TO last period Korolenko’s creativity includes his largest work “The History of My Contemporary”, in which it is easy to see artistic embodiment biography of the author, her the most important stages Korolenko at the same time introduces the reader to the development social movement 60s - 70s, with outstanding historical events that time. The last chapters of the epic, covering the activities of the people's intelligentsia, were written after the great October socialist revolution. Without understanding its true meaning, the writer, however, saw that the revolution was victorious because the widest possible participation took part in it. masses. In “The History of My Contemporary” he was able to show how naive the populists were in their hopes for the heroism of the “chosen ones” in the absence of support from the working masses.

Korolenko spoke with literary critical articles and memoir essays.

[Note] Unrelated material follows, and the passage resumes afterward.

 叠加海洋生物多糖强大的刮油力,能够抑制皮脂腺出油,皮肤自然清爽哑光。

The most significant of them: “In Memory of Belinsky” (1898), “About Gleb Ivanovich Uspensky” (1902), “A. P. Chekhov” (1904), “L. N. Tolstoy” (1908), big job about N.V. Gogol “The Tragedy of the Great Humorist” (1909).

Korolenko’s realistic creativity with all its content opposed the decadent bourgeois literature pre-revolutionary era. It reflected the popular protest against the bourgeois-serf system Tsarist Russia, against national inequality and oppression. In 1907, V.I. Lenin called Korolenko a “progressive writer.” The democratic nature of his work was noted in 1913 by Lenin's Pravda. Pointing out that Korolenko “stands apart from the labor movement,” Pravda at the same time wrote: “We honor in him both a sensitive, future artist, and a writer-citizen, a writer-democrat.” Appreciating public and artistic value Korolenko's creativity, setting him as a writer as an example to young writers, M. Gorky wrote: “This big, beautiful writer told me personally a lot about the Russian people that no one could say before him.”

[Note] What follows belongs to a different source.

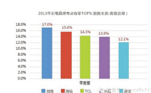 近日,奥维咨询(AVC)2013年度彩电行业市场销售数据新鲜出炉,数据显示,以创维为首的六家行业巨头销量市场份额达78.2%,合资品牌份额13%,年初呼声不断的互联网新进企业占比甚微。根据奥维咨询(AVC)2013年的年度数据显示,2013年彩电市场国内零售总量为4781万台,同比增长12.7%,液晶电视占比超过95%。其中,创维彩电销量为812万台,市场占有率高达17.0%,再次蝉联彩电销量冠军,也成为彩电历史上自然年度国内市场销量首个突破800万台大关的品牌。至此,创维已连续8年夺得彩电销量冠军,领军行业。海信以15.6%位居第二,TCL、长虹、康佳分别以14.3%、13.9%、12.1%进入第一阵营。

Korolenko is an excellent master of stories, essays, novels. Using extensive life material, expanding even in a small work complex action it always remains in naturally developing compositions. Striving for a more accurate reproduction of life, Korolenko willingly introduced elements of journalism into his stories and stories. This feature is often indicated by subtitles from his stories: “Sketches from a travel album”, “From a reporter’s notes”, “From notebook traveler" etc. Korolenko is an outstanding artist of words, his art was highly appreciated by L.N. Tolstoy, A.P. Chekhov, M. Gorky. Korolenko had a significant influence on writers who came from the people's environment. "In early years I was greatly influenced by Korolenko,” wrote A.S. Sirofimovich. Korolenko’s realistic method played positive role V development of Ukrainian, Belarusian, Lithuanian, Latvian, Yakut prose. Korolenko's works have been translated into many languages Soviet Union. In connection with the 25th anniversary of his death in 1946, the Council of Ministers of the USSR decided to perpetuate the memory of the outstanding Russian writer with a number of events. Creativity Korolenko, remarkable for its versatile richness of content, nobility of ideas, perfection artistic form, occupies a prominent place in the history of Russian classical literature.

One of the most famous and significant public figures late XIX- at the beginning of the 20th century there was a journalist, writer and publicist Vladimir Galaktionovich Korolenko. A short biography illustrating his life and creative path, includes many sad and tragic events. However, he always remained a realist who sought and found romanticism in real life, reflecting on the lofty in the conditions of harsh reality. Many of his heroes are endowed with such spiritual intensity and self-burning selflessness that were able to lift them above the swamp of dull, sleepy reality. They will forever remain as a reminder of the existence of the supreme beauty of the human spirit.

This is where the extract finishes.